神風
俺が高校生の時の、日本史の時間の話だ。
「蒙古襲来は、いつかな?」
確か、1274年だったな。俺は思い出した。
「その通り。それは文永の役だ」
あ、そっか。もう1回あったな。確か、弘安の役だったはず。
「うむ。それは1281年だ。あっているぞ」
ふう。俺の知識に問題はなさそうだな。
「そう油断するな。重要なのは、北条時宗のように隙を見せないことだ」
確かに武士なら、身を引き締めるべきだものな。
「そうだ。そうすれば神も風を吹いてくれる」
蒙古襲来…元寇とも言う。世界の4分の1を支配していた当時どころか今までの歴史の中でも1番大きな帝国が日本に攻めてきたことがある。
そこでこんな話を聞いたことないか?
神風が吹いて、元を壊滅させた。
間違ってはいない。でも、あってるかというと、ちょっとだけ違う。
元の船は、海上にいた。だから神風…今でいう台風が直撃して壊滅するんだけど。どうして元は海の上にいたのか?

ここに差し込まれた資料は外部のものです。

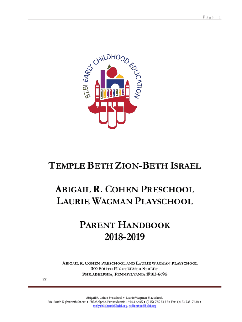 This parent handbook provides essential information regarding the philosophy, curriculum, policies, and expectations of the Abigail R. Cohen Preschool and Laurie Wagman Playschool for the 2018-2019 academic year. It highlights the school\'s commitment to fostering a joyful Jewish environment, promoting children\'s independence and creativity, and ensuring a collaborative relationship between educators and families.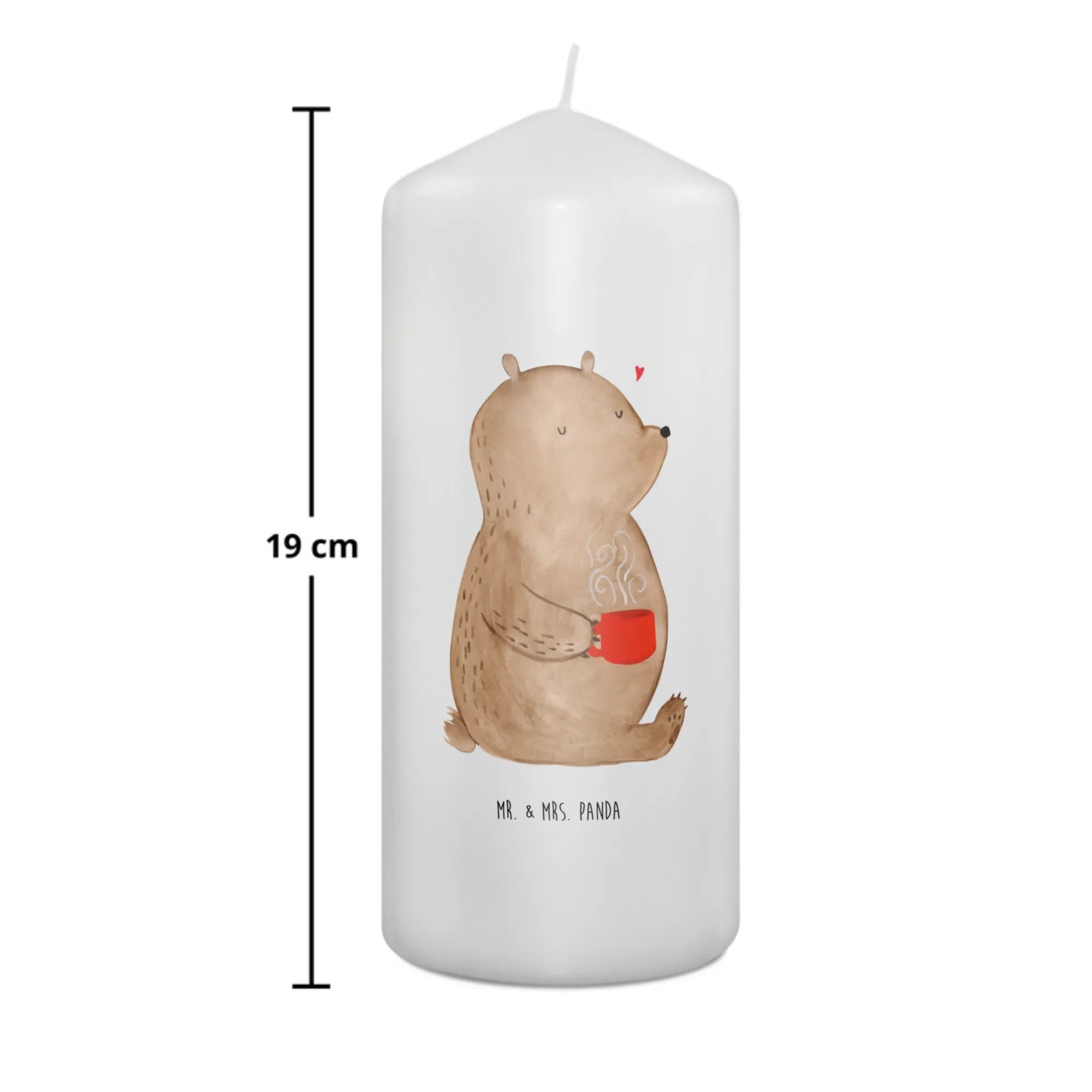 Die zauberhafte Kerze mit dem süßen Bär-Motiv, der genüsslich seine Tasse Kaffee genießt, ist das perfekte Geschenk für viele Anlässe. Sie ist nicht nur eine einfache Kerze, sondern ein echtes Statement für all jene, die den liebevollen Charme von Mr. & Mrs. Panda schätzen. Mit einem schönen Design und dem motivierenden Slogan "Erst Kaffee, dann die Welt erobern" eignet sie sich hervorragend als Taufkerze, Kommunionskerze oder Geburtstagskerze.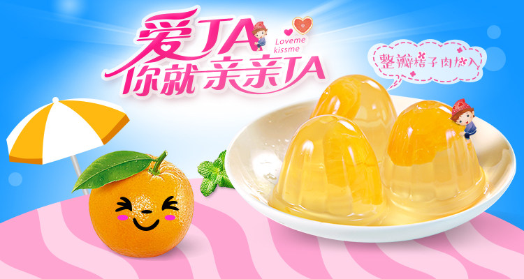 亲亲桔子果肉果冻布丁新鲜果肉休闲零食520g*2袋波萝桔子混合装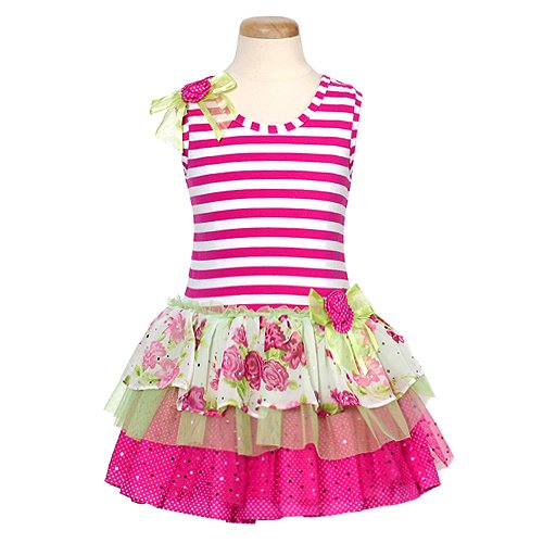 A darling summer dress by Bonnie Jean for your little girl. Sleeveless dress featuring fuchsia/white striped bodice, green bow with dotted rolled rose applique on one shoulder, tiered glitter-accented mesh multi floral/dotted red skirt with green bow and dotted center rolled rose applique on the drop waist.

博多には防塁が築かれてはいた。でも進軍が阻まれたのであって、元も少しは上陸できたはずだろう?
理由はな、日本の武士が強すぎたんだ。それはそれは、元の予想の遥か斜め上を行くぐらい。陸地を少しでも占拠することもできなかったようだ。
そもそも武士が弱かったら、元は1度目の侵略で日本を攻略できたはず。でも、できていない。そして2度目も全然敵わなかったのだ…。
だから元軍は海に留まるほかなく、そこに台風が直撃したってワケ。
確かに風は吹いたけど、それは武士が隙を見せなかったから、功を奏したんだ。
これが第二次世界大戦時に勝手に美談になって、神風特攻隊なんてできてしまって…。これを知ったら北条時宗は、何を感じるんだろうか?